What is a modular inverse?

I realize that this question has been asked before; please just bear with me. I looked across the Internet on here, Khan Academy, and many other sites in order to understand what an inverse mod is and how to calculate it.

The closest explanation I got is

However, I can't for the life of me figure out how we get the equation in the second bullet point. I tried testing it out in Python programming language by representing ^ as both xor and "to the power of" symbol ** (example for those who have not used it: 2 ** 4 = 16) and replacing mod with % (modulo).

To anyone who knows, please explain exactly what a modular inverse is and how to solve it.

As someone said, I should probably tell why I am saying "the" modular inverse. I came across this while doing Problem 451 of Project Euler and am trying to find greatest modular inverse (if I have function l(n) then the modular inverse I am calculating must be less than n-1)

• $A^{-1}$ is simply the notation for modular inverse. The first bullet point tells you notation; the second bullet point tells you the definition; the third tells you which numbers have inverses. – Akiva Weinberger Aug 14 '15 at 11:21

For any number $A$, it's modular inverse is any such number such that when you multiply this number by $A$ (or if you multiply $A$ by this number) you get $1$. That is

$$A\cdot A^{-1} = A^{-1}\cdot A = 1 \pmod{c}$$

For example,

$$3\cdot5 = 1 \pmod7$$

Thus $5$ is the modular inverse of $3$, and $3$ is the modular inverse of $5$ (specifically for $\mod7$). A systematic way to determine a number's inverse exists (and usually involves Euclid's algorithm).

The notation $A^{-1}$ is only a formal notation for the inverse of $A$.

Consider for example the case of $C = 5$ and $A = 3$. Then $2 \cdot 3 \mod 5 = 1$, so $2$ is the modular inverse of $3$ modulo $5$.

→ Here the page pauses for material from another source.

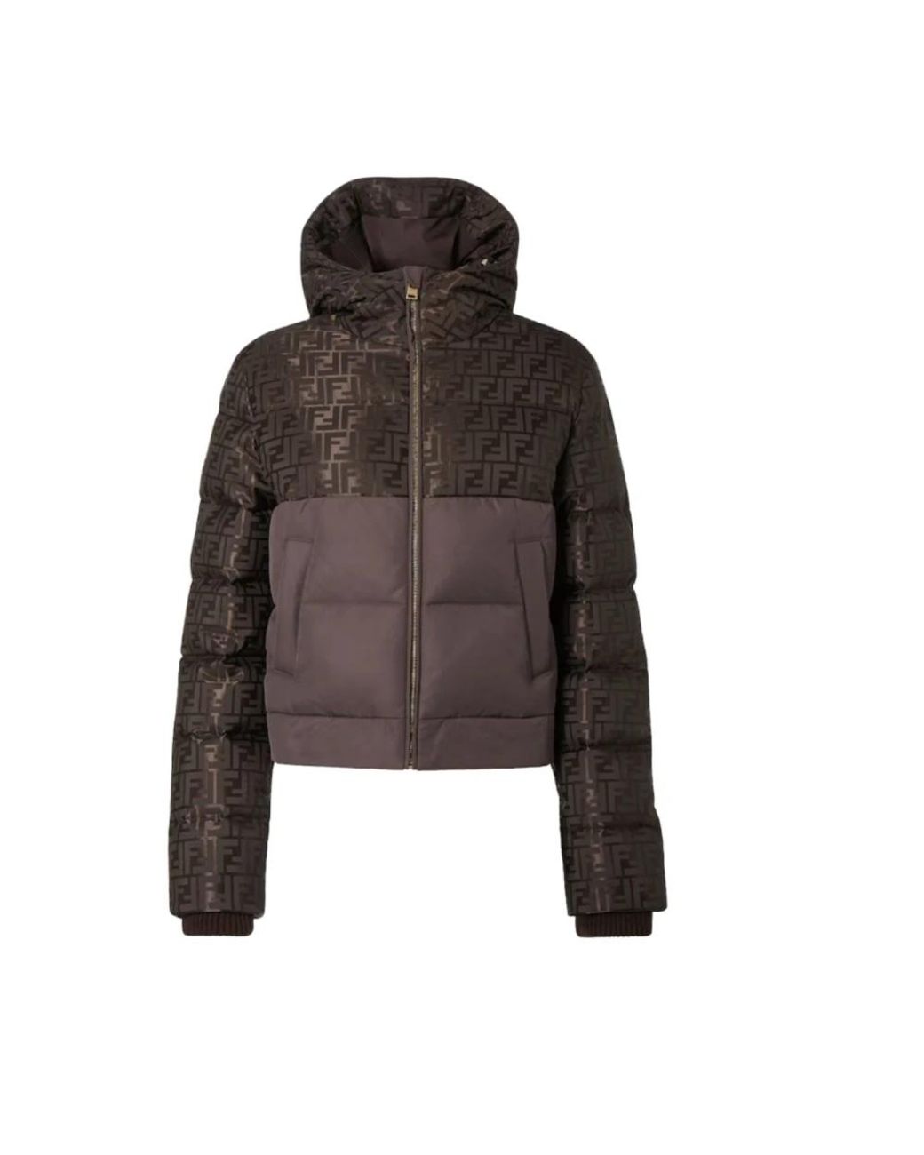 Profiteer van de beste deals! De Fendi donzen jas is een korte, gewatteerde jas, vervaardigd van glanzend FF jacquard nylon, ontworpen om geïsoleerde warmte te leveren met een kenmerkende luxe afwerking. Hij combineert een hoge kraag en capuchon met een compact, stadsklaar silhouet voor koud weer. Belangrijkste kenmerken: Bruin | Dunkelbraun | Nylon | Gewatteerd | Donzen isolatie | Hoge kraag | Verstelbare capuchon met trekkoord | Diagonale zakken | Ritssluiting aan de voorkant | Gebreide manchetten voor extra afsluiting | Kort silhouet | Glanzend FF jacquard nylon met iconisch FF-motief | Centraal inzetstuk van mat nylon | Metaalbeslag met palladium afwerking | Gebreide manchetten | Samenstelling & verzorging: Shell: 64% katoen, 36% polyamide | Centraal inzetstuk: 100% polyamide | Coating: 100% polyurethaan hars | Trim: 100% wol | Voering: 100% polyester | Vulling: 90% dons, 10% eendenveren | Raadpleeg de wasvoorschriften van de fabrikant. Kleur: bruin

For small moduli it is easy to find the modular inverse of a number by brute-force. For larger numbers, the extended euclidean algorithm is an effective way to calculate the modular inverse of a number.

I think that the main problem here is with the word "the" modular inverse suggesting uniquness. For a number $a$ if there exist a modular inverse, that is $b$ such that $ab\equiv 1 (mod$ $c)$, then there are infinite modular inveses. The usual practice is to demend that $0\leq b\leq |c|$. Then, if a modular inverse exists then it is unique.

For example, we have: $$7\times14\equiv1\pmod{97}$$ Thus, by definition, we have the following: \begin{align} 7&\equiv14^{-1}\pmod{97}\\ 14&\equiv7^{-1}\phantom1\pmod{97} \end{align} Can you explain why $23^{-1}\equiv38\pmod{97}$?

Every number has an inverse mod $97$ (except for $0\equiv97$). Why? It turns out that $a$ has an inverse mod $b$ iff $a$ and $b$ are coprime. Since $97$ is prime, everything has an inverse modulo it.

(What numbers have inverses mod $10$? What are their inverses? Why doesn't $2$ have an inverse mod $10$?)